- **Requirement**: I'd like the data below restated word for word, with the pictures left out.

- **Data excerpt**:
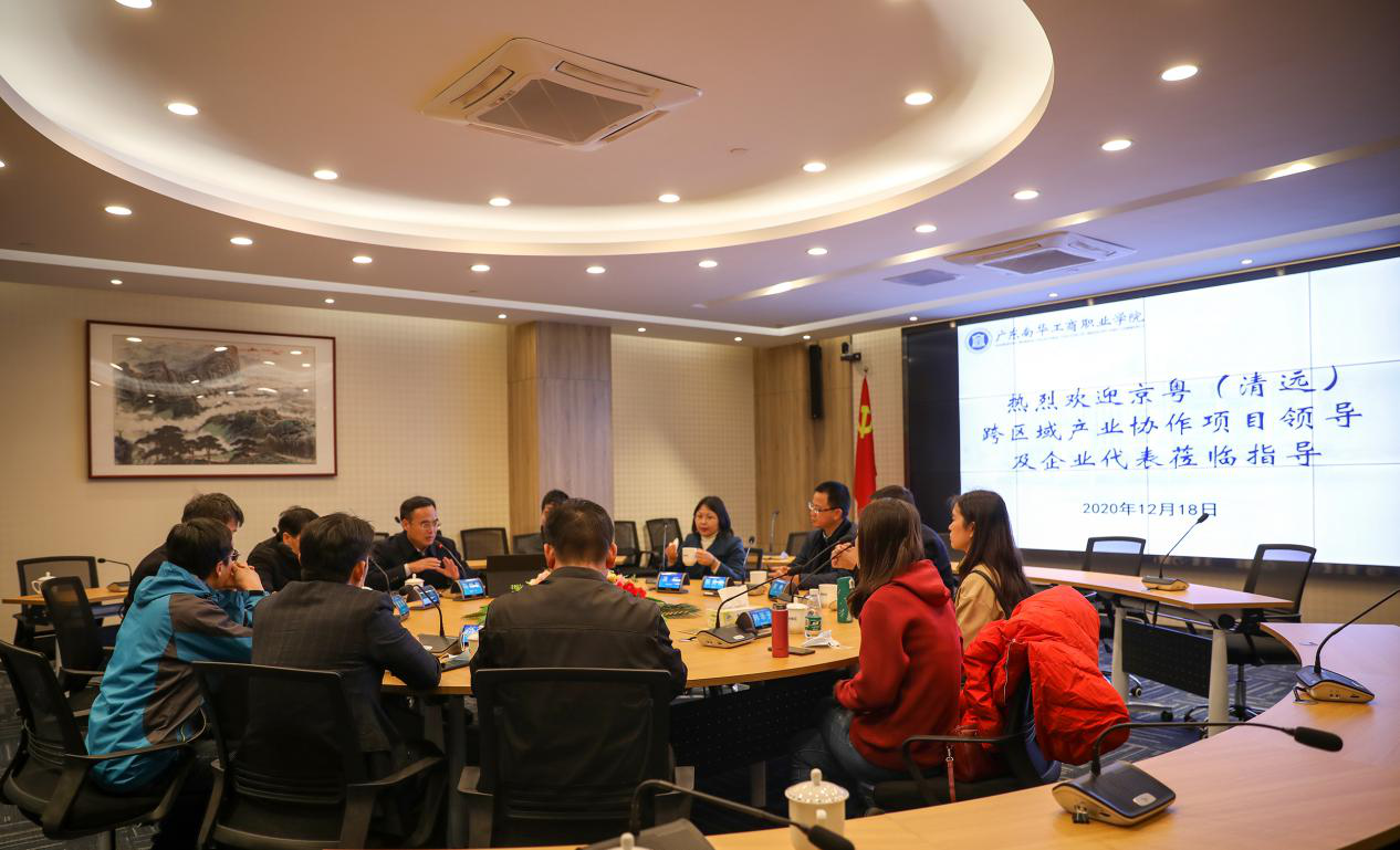 12月18日,京粤(清远)跨区域产业协作项目领导及企业代表来我校清远校区考察交流。学校党委书记、校长马栩生会见了来宾,双方进行深入座谈。副校长严新,教务处负责人参加了座谈。
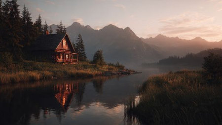 A picturesque lakeside scene featuring a rustic cabin nestled among trees, mirrored in the calm waters at sunrise, evoking a sense of peace and serenity.
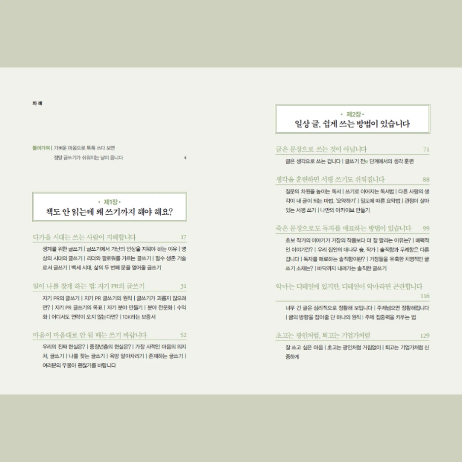 2장에서는 글감과 생각 훈련, 매력적인 구성 등 구체적인 글쓰기 방법을 알려드립니다. 3장은 이렇게 배운 글쓰기의 실전 편이라고 생각하시면 됩니다. 자기소개서, 보고서, 업무 메일 등 실용 글을 잘 쓰는 방법을 말씀드립니다.

- **Result of the task**:
 12月18日,京粤(清远)跨区域产业协作项目领导及企业代表来我校清远校区考察交流。学校党委书记、校长马栩生会见了来宾,双方进行深入座谈。副校长严新,教务处负责人参加了座谈。
 A picturesque lakeside scene featuring a rustic cabin nestled among trees, mirrored in the calm waters at sunrise, evoking a sense of peace and serenity.
 2장에서는 글감과 생각 훈련, 매력적인 구성 등 구체적인 글쓰기 방법을 알려드립니다. 3장은 이렇게 배운 글쓰기의 실전 편이라고 생각하시면 됩니다. 자기소개서, 보고서, 업무 메일 등 실용 글을 잘 쓰는 방법을 말씀드립니다.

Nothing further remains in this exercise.